Unit testing absolutely discovers this. You are not forced to mock all library classes. Some folks say it's only a unit test when it's tested in complete isolation. This is silly. You have to trust the library modules -- it's a feature of your architecture. Rather than mock them, just use them. (It is important to write mocks for your own newly-developed libraries. It's also important to mock libraries that make expensive API calls.)
In most cases, you can (and should) test your classes with the real library modules. This will find the misspelled attribute name.
Also, now that you know that attributes are dynamic, it's really easy to verify that the attribute exists. How?
Use interactive Python to explore the classes before writing too much code.

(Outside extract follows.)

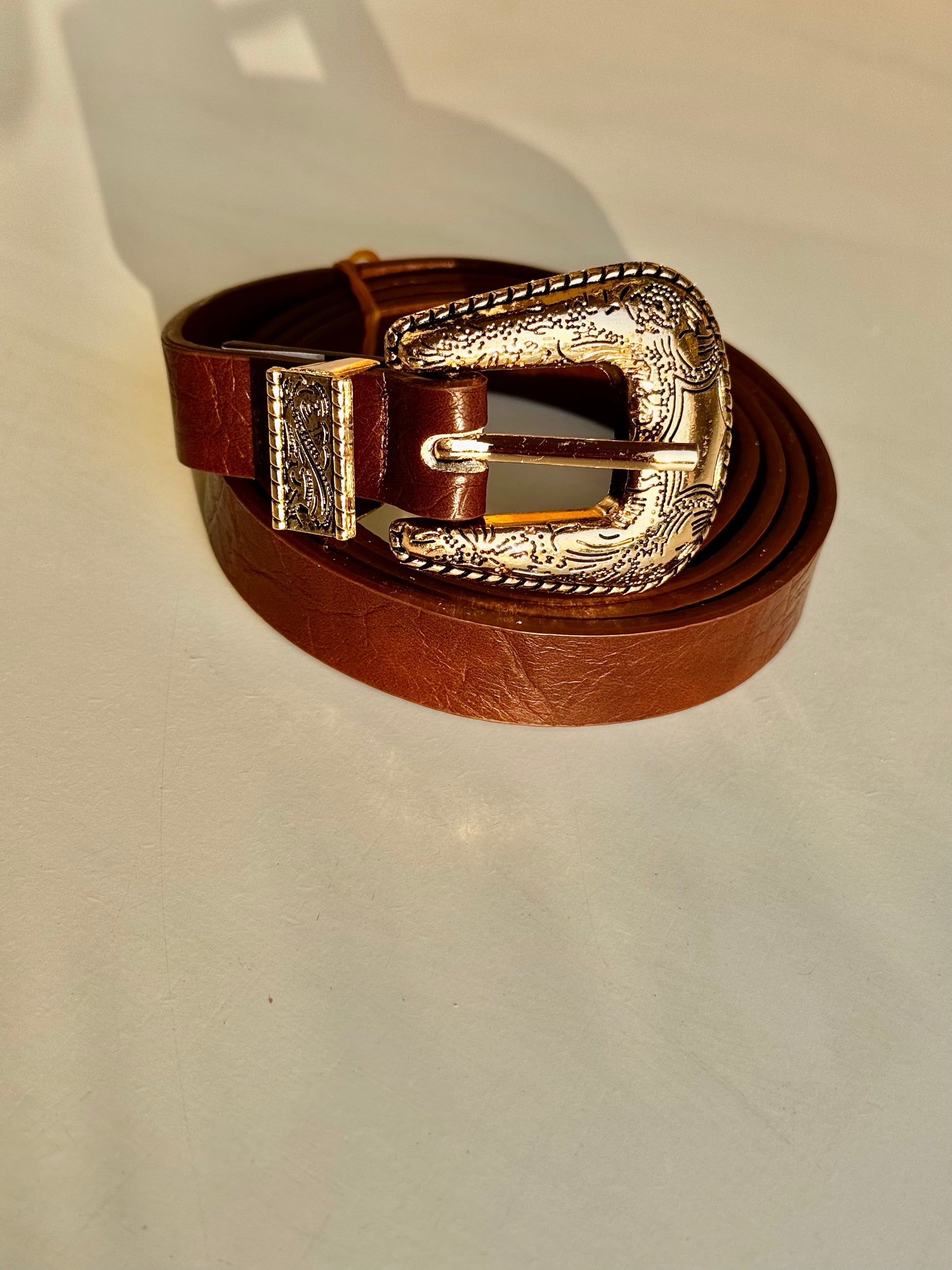 The meticulously engraved detail on the brass hardware immediately elevates any look, bringing a touch of timeless Western romance and bold character to your modern wardrobe.

Remember, Python is not Java and it's not C. You can execute Python interactively and determine immediately if you've spelled something wrong. Writing a lot of code without doing any interactive confirmation is -- simply -- the wrong way to use Python.
A little interactive exploration will find misspelled attribute names.
Finally -- for your own classes -- you can wrap updatable attributes as properties. This makes it easier to debug any misspelled attribute names. Again, you know to check for this. You can use interactive development to confirm the attribute names.
Fussing around with __setattr__
creates problems. In some cases, we actually need to add attributes to an object. Why? It's simpler than creating a whole subclass for one special case where we have to maintain more state information.
Other things you can say:
I was burned by a C program that absolutely could not be made to work because of ______
. [Insert any known C-language problem you want here. No array bounds checking, for example] Does that make C fatally flawed?
I was burned by a DBA who changed a column name and all the SQL broke. It's painful to unit test all of it. Does that make the relational database fatally flawed?
I was burned by a sys admin who changed a directory's permissions and my application broke. It was nearly impossible to find. Does that make the OS fatally flawed?
I was burned by a COBOL program where someone changed the copybook, forgot to recompile the program, and we couldn't debug it because the source looked perfect. COBOL, however, actually is fatally flawed, so this isn't a good example.